Hezbollah has launched attacks on Israel, has intervened in the Syrian civil war and has been linked to a Bulgarian bus bombing last year. The EU had to send a message. "It is good that the EU has decided to call Hezbollah what it is: a terrorist organisation," said Dutch Foreign Minister Frans Timmermans. "By dealing with the military wing of Hezbollah and freezing its assets, we are hindering its fundraising and thereby limiting its capacity to act." This is quite in contrast with the Irish position, which was to oppose such a ban. Indeed, once again, Ireland showed its soft and often confused approach to dealing with such international security issues.

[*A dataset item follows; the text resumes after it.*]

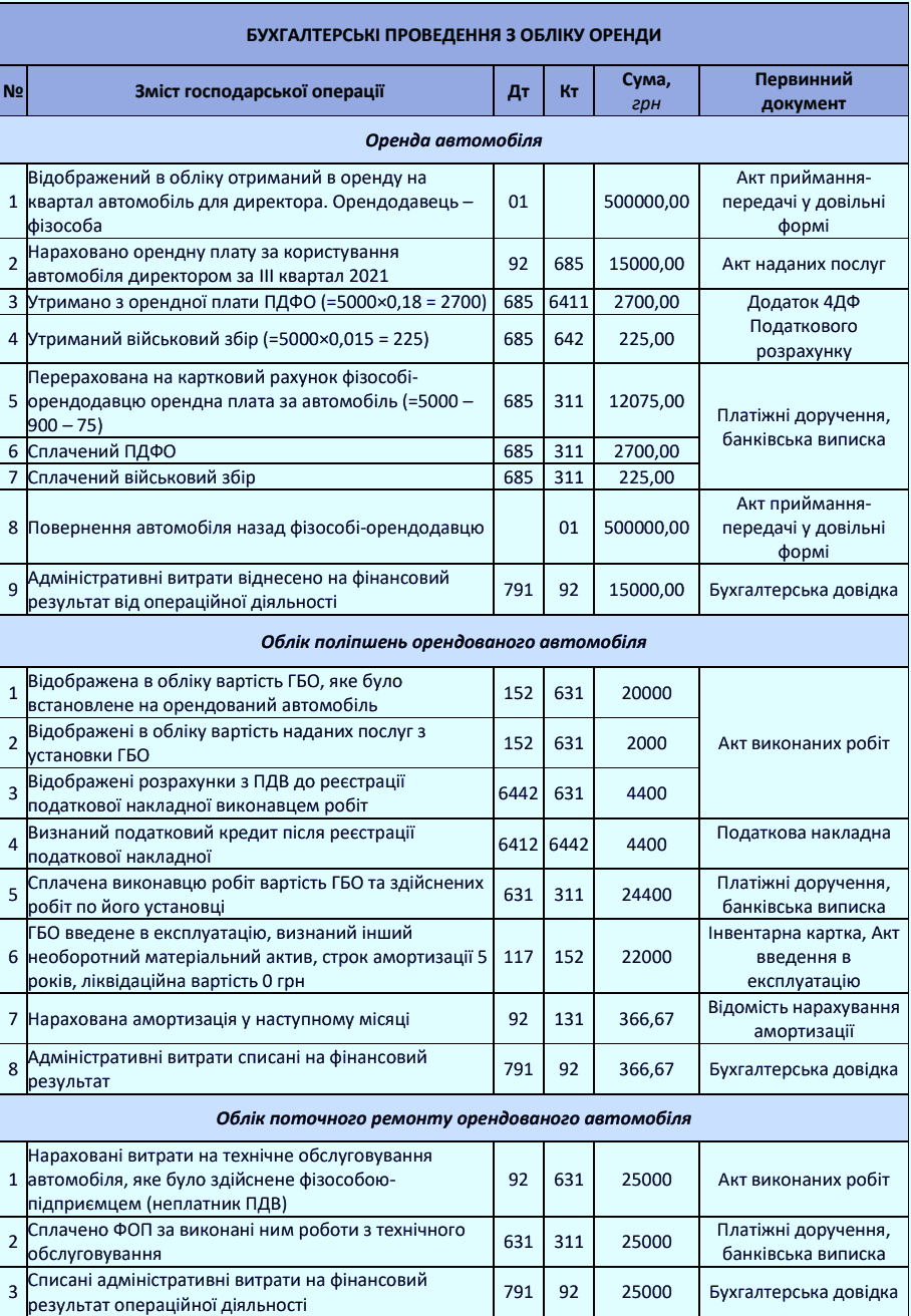 У бухгалтерському обліку оренда та лізинг транспортного засобу у фізичної особи відображається наступним чином:

The rationale of Foreign Minister Eamon Gilmore was that a ban on Hezbollah could create more instability and endanger Irish UN peacekeepers in the Lebanon, a strangely restrictive approach. His thinking was also influenced by experience of the Northern Ireland peace process and bringing the IRA in from the cold. The fear was that blacklisting Hezbollah would drive it further away, and that there was a distinction between the organisation's armed wing and its political wing, which sits in the Lebanese government and runs a whole civilian infrastructure. But Timmermans clearly believes that one wing is feeding the other.